This could be his last chance for a break-through as a journalist. When Barcelona based Joan Aiguader decides to write about a victim, the 2117th refugees who dies on the dangerous way across the Mediterranean Sea, he cannot anticipate that his article will shake Department Q, Copenhagen’s cold case unit, or that he himself will soon fall in the hands of reckless terrorists. The poor woman who found death on Greek shores is well known to Assad, member of the famous and most successful unit within the Danish police. Lely Kababi once saved his life when his family had fled Iraq and now, so many years without the least information about her whereabouts, he sees her on a picture and next to her is his wife Marwa whom he has neither seen nor spoken for 16 years. Assad needs to get in touch, but he knows just from looking at the picture that this will not be easy since there is another person to be seen: his worst enemy who obviously is seeking revenge.

Jussi Adler-Olsen continues his Department Q series with a suspenseful and highly political instalment which combines current events with the story around the very special unit of the Danish law enforcement authorities. When I read the first novel, I immediately fell for the very peculiar characters Adler-Olsen created. They seemed to be quite a unique assortment of individuals who nevertheless managed to work well together and were highly successful due to their distinctive and diverse skills. All of them had a story which only slowly has been revealed throughout the different books, now it is time for Assad’s story, the most secretive of all.

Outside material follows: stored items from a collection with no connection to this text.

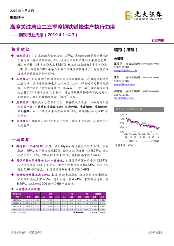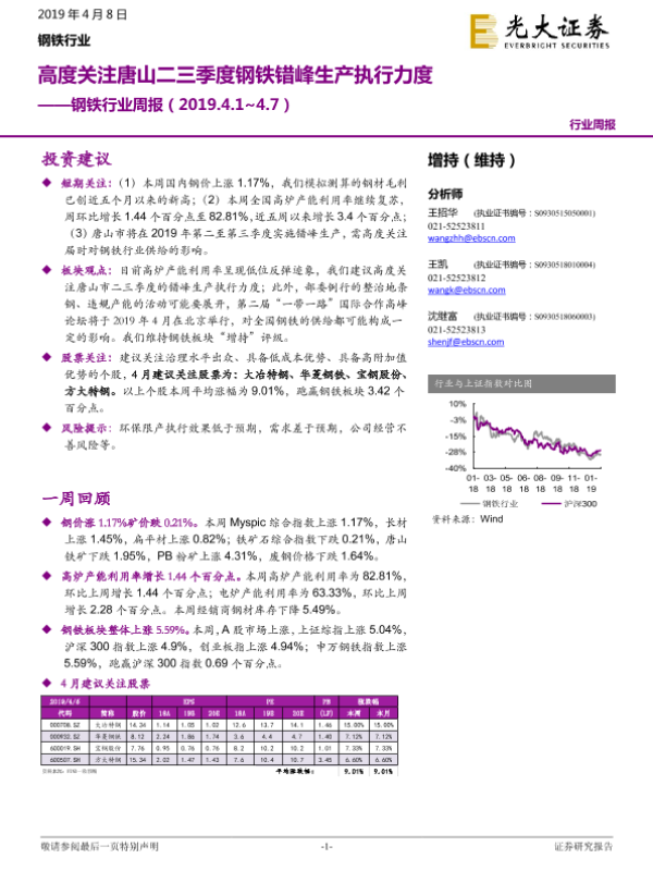 【光大证券】【20190408】20190408-光大证券-钢铁行业周报:高度关注唐山二三季度钢铁错峰生产执行力度-10页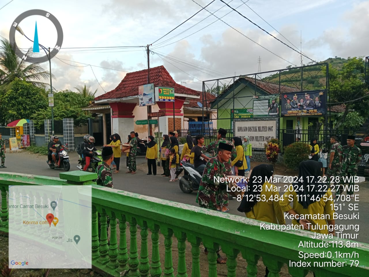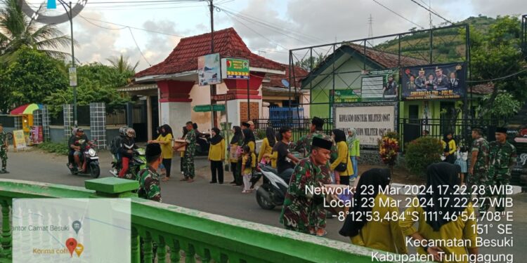 Tulungagung – bedanews.com – Pgs. Danramil Tipe B 0807/12 Besuki bersama anggota Koramil Besuki dan Ibu Persit mengadakan kegiatan bagi takjil gratis di jalan umum depan Makoramil Besuki. Kegiatan ini merupakan bagian dari upaya untuk menyemarakkan bulan suci Ramadhan serta meringankan beban masyarakat yang sedang menjalankan ibadah puasa, Sabtu (23/03/2024).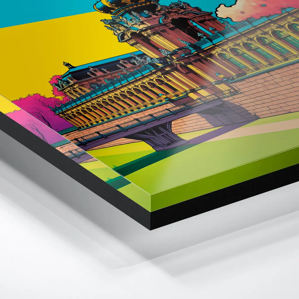 Das Foto wird im UV-Direktdruckverfahren auf eine glänzende Acrylplatte gedruckt. Die Kombination aus kristallklarem Acrylglas und den lichtechten UV-Tinten sorgt für eine langlebige und detailscharfe Wiedergabe der Bilder. Das Bild wird bei dieser Variante durch eine rückseitige 3 mm starke schwarze Forexplatte verstärkt. Es ist durch den Direktdruck und die verwendeten Materialien günstiger, wirkt aber auch sehr hochwertig.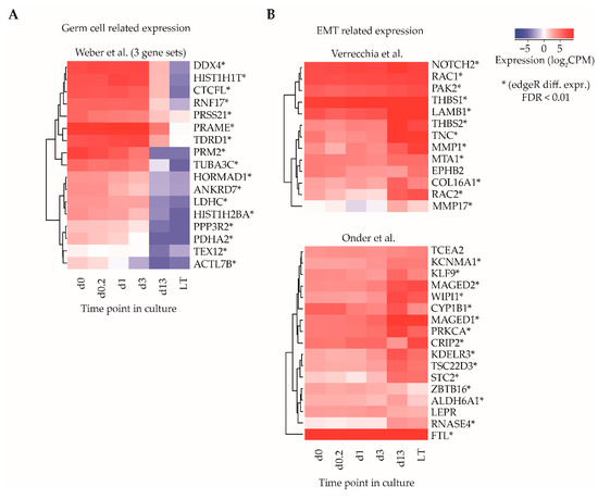 Gene set enrichment analysis for identification of sets of functionally related genes. (A) Average log2CPM of gene identifiers in three gene sets described by Weber et al., correlating to transcriptional differences between germ cells and fibroblasts and (B) two gene sets described by Verrecchia et al. and Onder et al., relating to epithelial-to-mesenchymal transition (EMT) transcriptional signatures. Asterisks indicate whether the gene was differentially expressed (edgeR, adjusted p-value cut off (FDR) ≤ 0.01).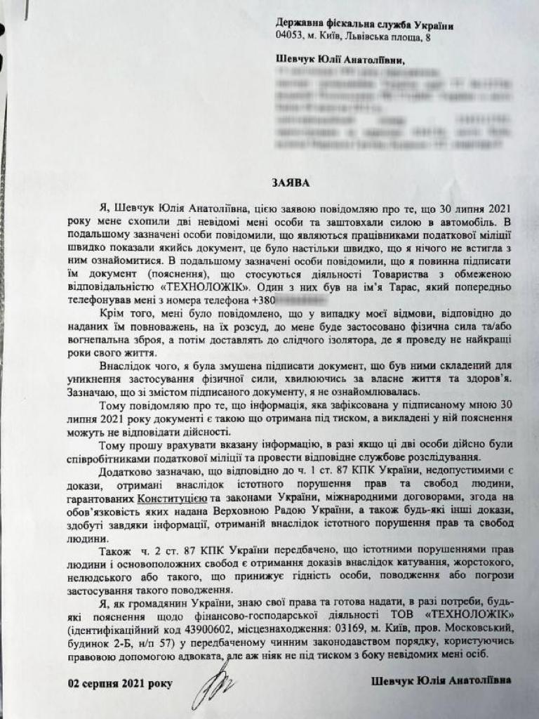 30 июля двое неизвестных в Киеве затолкали женщину в автомобиль, угрожали оружием, обещали пытать и отправить в СИЗО, если она не подпишет некое объяснение. Нападавшие представились сотрудниками налоговой милиции и требовали от испуганной жертвы подтвердить компрометирующие показания против ТОВ "ТЕХНОЛОЖІК", в котором она работает. Понятно, что другого выхода, чем выполнить требования правоохранителей-злоумышленников у женщины не было. Об этом стало известно из заявления потерпевшей в центральный офис ГФС.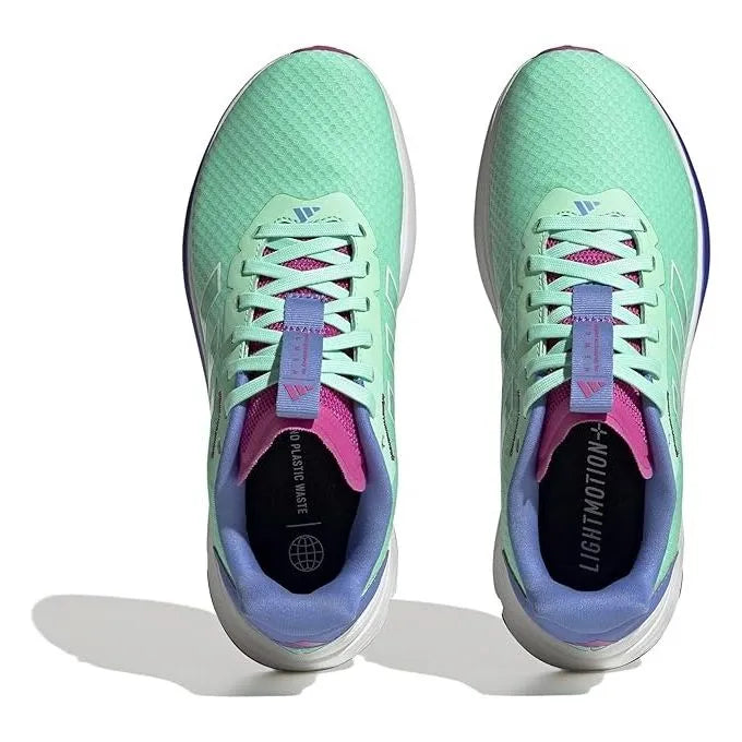 Any path can be your playground in these women's adidas running shoes. A Geofit collar gives you a comfortably snug fit while the Lightmotion+ midsole delivers superlight, explosive cushioning. Contoured medial support delivers a balanced feel with every step. This shoe is made with high-performance recycled materials and features an upper made with 50% recycled content.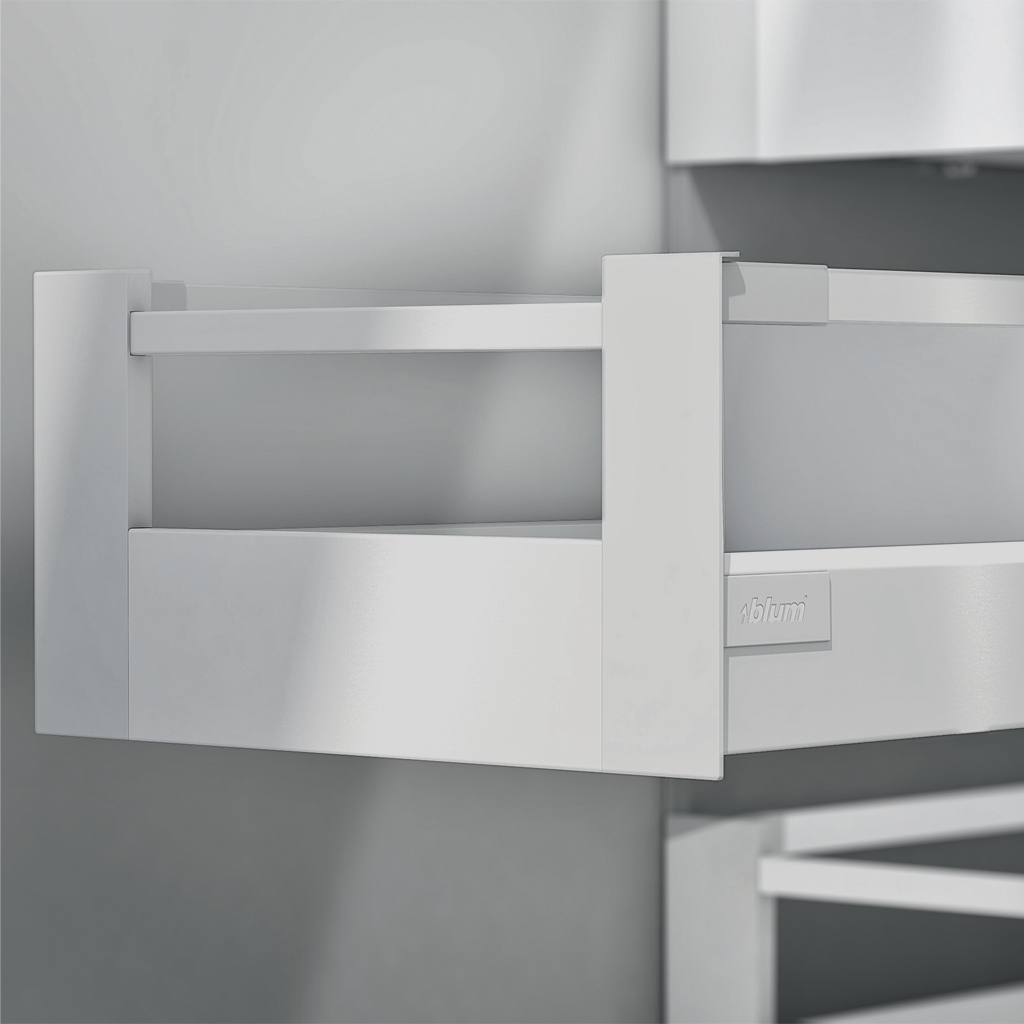 Gavetão interior TANDEMBOX da Blum, lateral metálica de 83mm de altura com cerco altura total 224mm, frente e cerco frontal metálicos.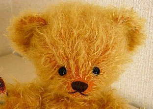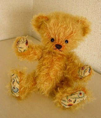 このベアは明るいダークバックモヘア(ゴールドonオレンジ)を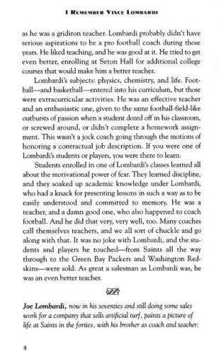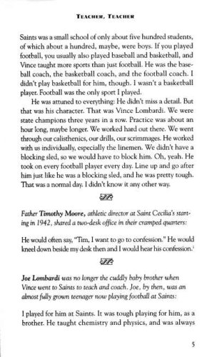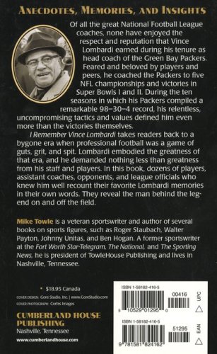 Of all the great National Football League coaches, none have enjoyed the respect and reputation that Vince Lombardi earned during his tenure as head coach of the Green Bay Packers. Feared and beloved by players and peers, he coached the Packers to five NFL championships and victories in Super Bowls I and II. During the ten seasons in which his Packers compiled a remarkable 98-30-4 record, his relentless, uncompromising tactics and values defined him even more than the victories themselves. This book takes readers back to a bygone era when professional football was a game of guts, grit, and spit. Lombardi embodied the greatness of that era, and he demanded nothing less than greatness from his staff and players. In this book, dozens of players, assistant coaches, opponents, and league officials who knew him well recount their favorite Lombardi memories in their own words. They reveal the man behind the legend on and off the field.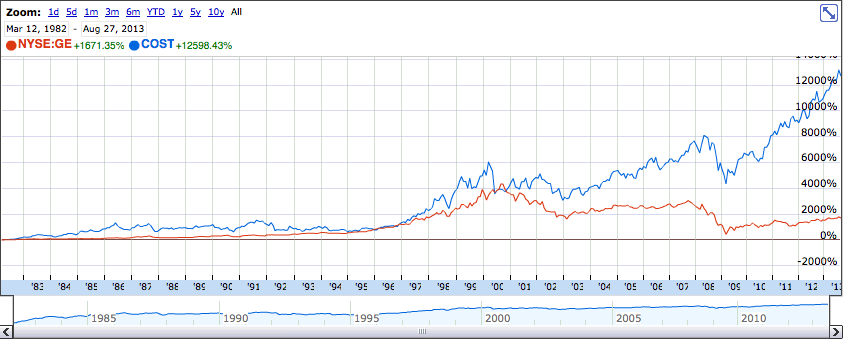 General Electric was the classic model of a company that would let go of the bottom 20% of its employees on an annual basis. If you did not perform, you did not stay. This created a very competitive environment but also one in which trust, innovation, and risk were not worth building. Contrast this with Costco, a company that pays a living wage and invests in its people. The Circle of Safety extends to the edges. The investment community would suggest that GE practices the hard-hitting principles that make for strong quarterly results. However, Costco has actually outperformed GE over long-run (see chart below), providing a blueprint that treating the employees as something other than a commodity is possible and prosperous.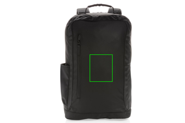 Look effortlessly stylish when carrying this all black laptop backpack. This bag holds a roomy compartment for all your gear and a laptop compartment that can hold a 15.6″ laptop. PVC free.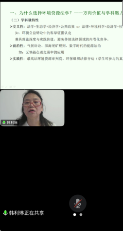 讲座伊始,韩利琳老师深入探讨 “为什么选择环境资源法这个专业”。她从时代政策背景切入,从实践需要出发充分展现该专业的方向价值与学科魅力,引发同学们浓厚兴趣。接着,韩老师围绕学科核心研究方向和职业发展优势展开讲解。在理论纵深方面,她介绍了环境资源法的基础理论、前沿员工动态;针对制度热点,分析了当下热门议题。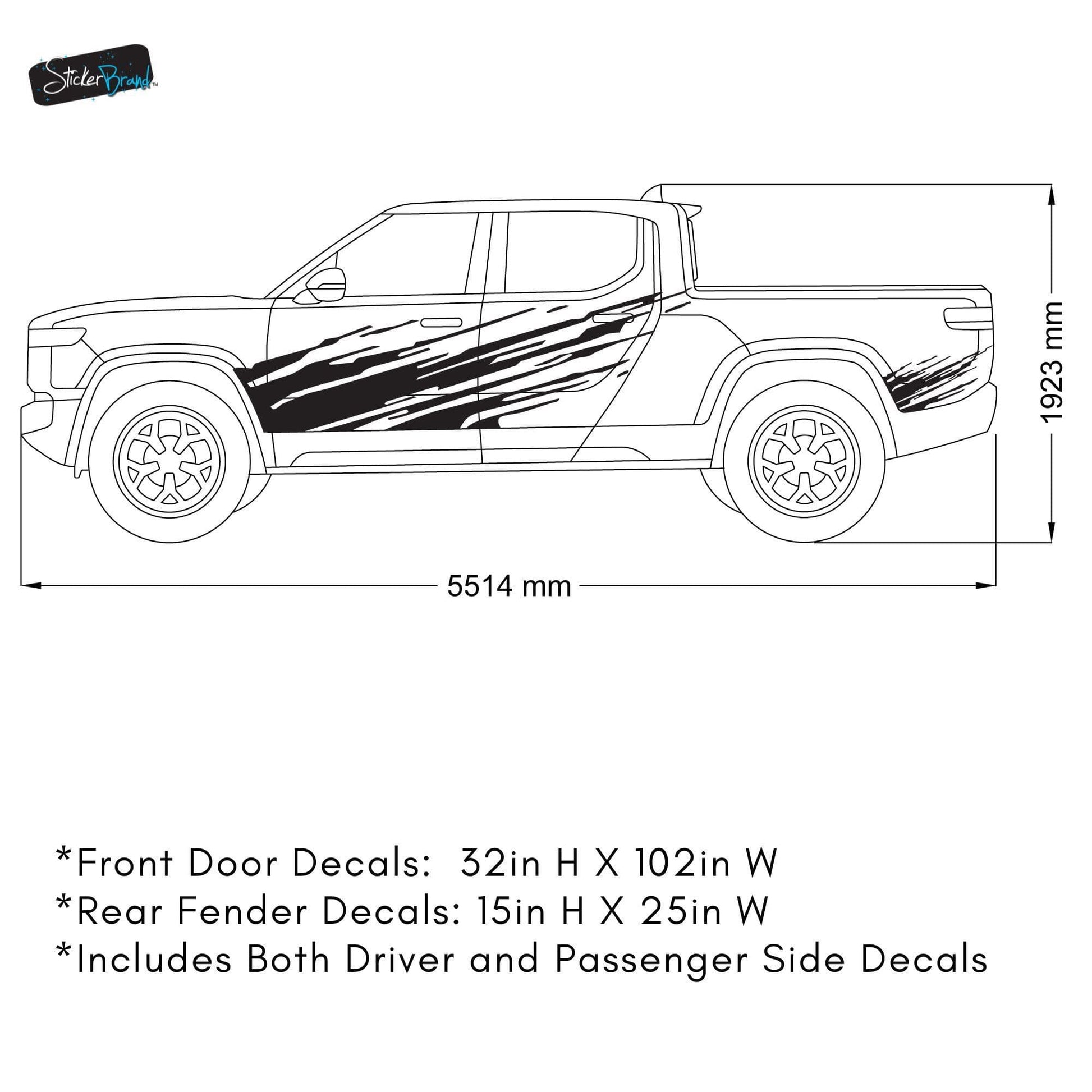 - Size: Rear Fender Decal: 25in W X 15in H

I am not quite sure if I find Assad’s backstory totally convincing, but I grant it to literature to extent the borders of plausibility at times. Additionally, I am also not in the position to judge on what can happen in Middle East countries in times of war. Setting aside this aspect, I found the characters’ motivation very convincing – Assad’s as well as his opponent’s. I was quite happy to finally get an idea of his life before joining Department! Q which has always been quite blurry. And I totally adored how Adler-Olsen managed to combine this with current affairs that have been central to European politics for quite some time now. Especially the role of journalists – unfortunately only crucial at the very beginning – has been quite authentically portrayed.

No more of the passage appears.